I'm currently tidying up a model of a Tibetan-style stupa and I'd like to clear up a couple of things before I release it (as a freebie later this month).

I'm very much a beginner at 3D modelling, and this is a fairly basic model (just over 1000 vertices/1000 faces). It was created from a few spheres, cubes and cylinders, which were then extruded, manipulated, and finally joined together.

The way I joined things was fairly laborious, creating edges and faces one by one to fill the gap between the 4-sided and 16-sided elements - any advice on a smarter way to do this?

I think that the end result (i.e. the actual quads and triangles that fill the join area) is okay - it looks 'neat and tidy', and it renders okay in D|S 3 and Poser 6 (well, not quite).

However, I may have made some very basic errors in constructing these joining areas. Any advice/suggestions would be greatly appreciated.

(Hopefully there's a  picture attached to this posting which shows exactly what I mean)

3D Cheapskate

Pete Williams (aka the 3DCheapskate) still posts stupid stuff at all the usual places



  EnglishBob    ( ) ( posted at 4:44AM Thu, 13 May 2010  · @3643957

There are neater ways, but the proof is in the rendering, I suppose. What problems are you having in Poser?

The other question has to be, do you even need to join them like that? It's quite legitimate to just shove primitives together, although I can understand how you would want to be proud of your craftsmanship before releasing something. :-) 


  3dcheapskate    ( ) ( posted at 6:34AM Thu, 13 May 2010  · @3643991


A picture speaks a thousand words, so here are DS3 and P6 renders with crease/smoothing angles of 45 and 89 degrees - DS3 with 45 degs seems fine to me. P6 seems to have some flat grey faces.

You mention "neater ways" - any good links? Don't just leave me hanging here with that tantalising hint!

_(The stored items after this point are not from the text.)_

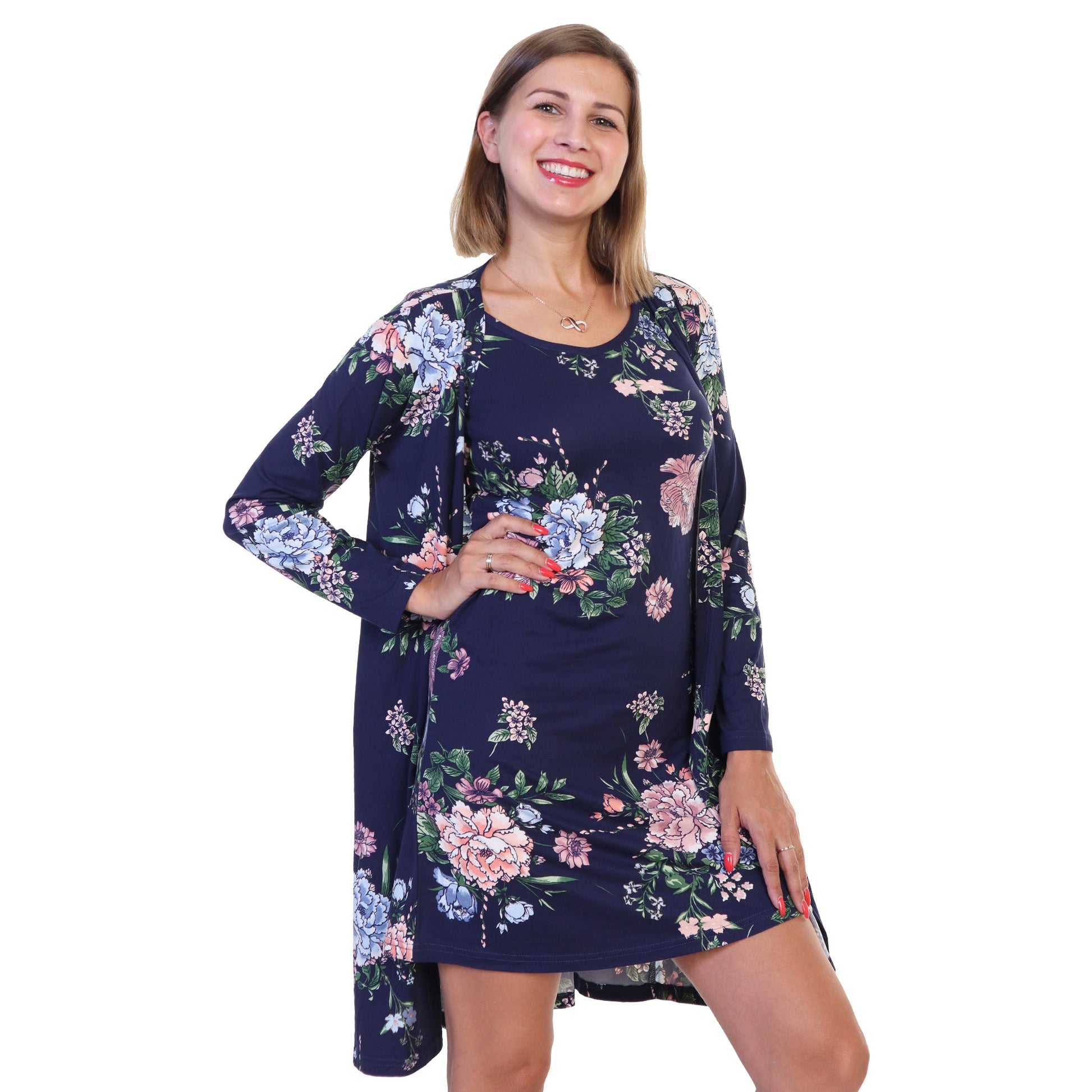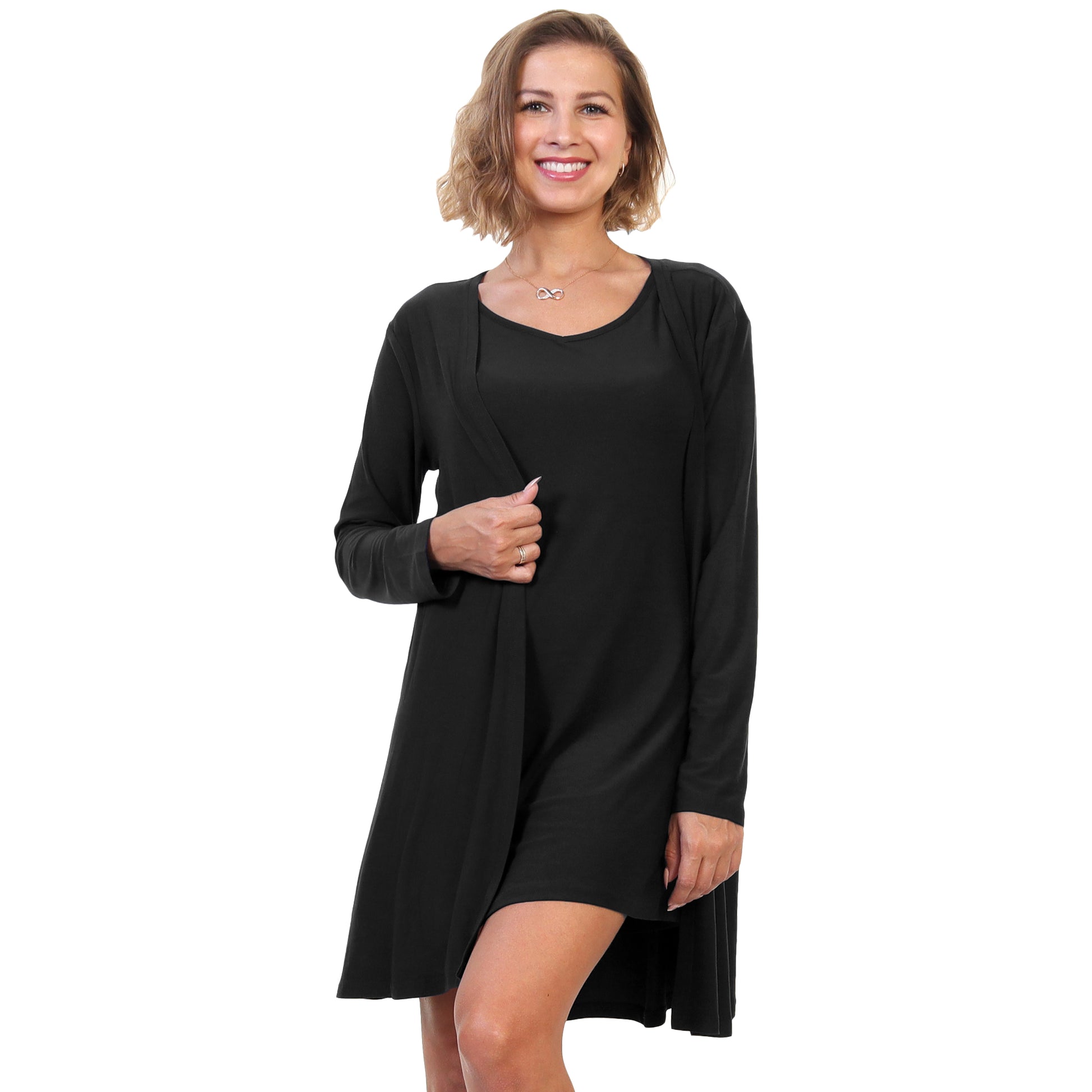Brushed Microfiber Nightgown and Cardigan Lounge Wear Set (Sold Separately )
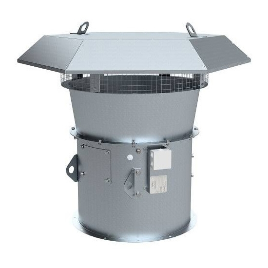 крышный вентилятор, максимальный расход воздуха 108 000 куб. м/ч, максимальный располагаемый напор 1 000 Па, взрывозащищенный, присоединительный размер 1170х1170 мм, диаметр рабочего колеса: 1120 мм, материал корпуса: оцинкованная сталь, монтаж: горизонтальный, степень защиты: IP54
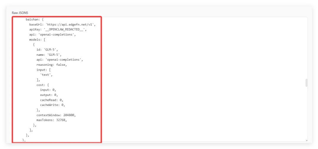 第二种直接编辑openclaw.json,适合其它没有内置到openclaw的模型的配置。
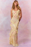 Pozwól się uwieść powietrznej elegancji długiej sukni Maya. Dzięki delikatnie kwiatowej tkaninie i asymetrycznym falbanom, ucieleśnia ona łagodność pięknych dni z ultra kobiecym akcentem fantazji.

I started this model by *"Just shoving primitives together"*h - the crescent, sphere and teardrop on top are left that way since I reckoned (a) it was too much effort and (b) hey, nobody would notice up there!

I guess that if you know how to do things properly, then sloppy work is a matter of personal choice, not necessity!   ;o)

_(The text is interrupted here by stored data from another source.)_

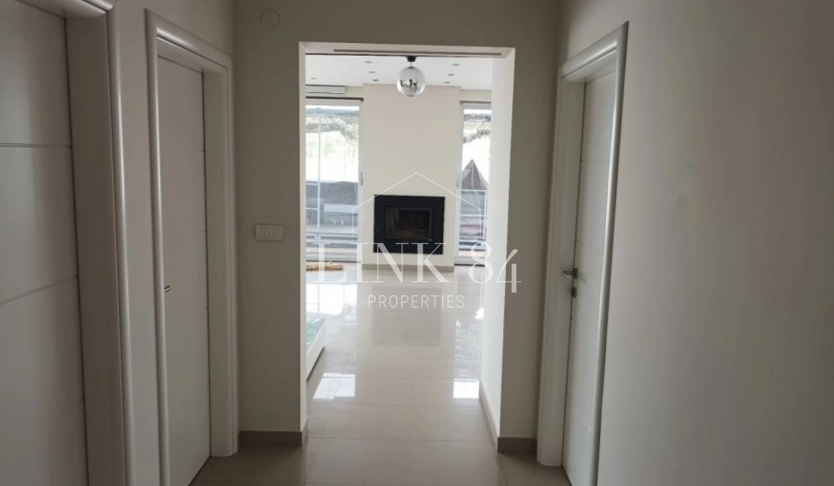 Aluminijumska stolarija sa clima gard staklima punjenim argonom. Granitna keramina sa podnim grejanjem na donjem nivou. Kamin na drva sa ventilacionim tunelima za grejanje gornjeg nivoa. Smart house resenja za motorne roletne. Tehnicka soba sa policama. Ugradni Americki plakari u koje se ulazi.
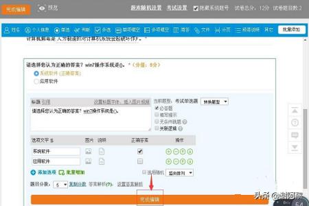 6、开始创建试题,在标题下面输入题目,在上面选择题型单项填空。
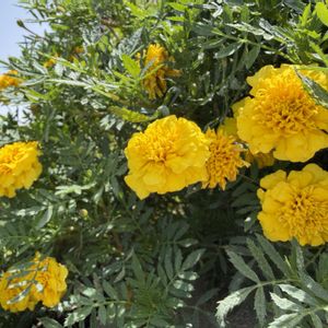 ♡ マリーゴールド ♡ とっても元気なお花🌼*・ ご近所に咲いてて📷✨ 鮮やかな色でとっても美しくて お陽さまに当たり輝いてました☀️
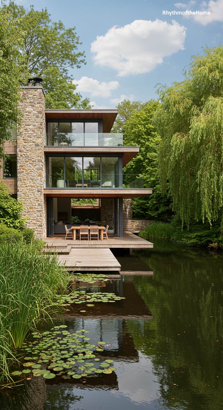 Poised at the edge of a tranquil pond, this modern home dissolves the boundary between architecture and nature. Cantilevered levels of warm wood and glass seem to float above the water, anchored by a formidable stacked stone chimney. Each floor opens onto a spacious balcony, culminating in a sprawling wooden deck that extends over the pond, inviting residents to dine amidst the rustling reeds and the gentle sway of a weeping willow. The home’s reflection shimmers on the water’s surface, a mirror image of a structure in perfect, peaceful harmony with its lush, verdant surroundings.

Pete Williams (aka the 3DCheapskate) still posts stupid stuff at all the usual places



  EnglishBob    ( ) ( posted at 8:04AM Thu, 13 May 2010  · @3644029

Attached Link: http://blenderartists.org/forum/showthread.php?t=93651

Neater ways... Let me see... It's hard to explain in words, and it would take a lot of pictures. The linked tutorial is for organic modelling, and it's for Blender but a lot of the principles hold true anywhere and it may be a good introduction.

What you have here looks like the good old Poser sharp edges problem, and you probably know this since you've been experimenting with the smoothing angle. I'm not saying that's wrong, but being an old timer I tend to stick with the old fashioned way, which is to split the edges that you want to be sharp. I do that in UVMapper Pro - what do you have available, modelling-wise?

The other option is to run a very fine bevel along the sharp edges. The basic principle is that Poser is biased towards rendering rounded forms, i.e. figures, so you have to work hard to persuade it that you really do want a sharp edge between those surfaces.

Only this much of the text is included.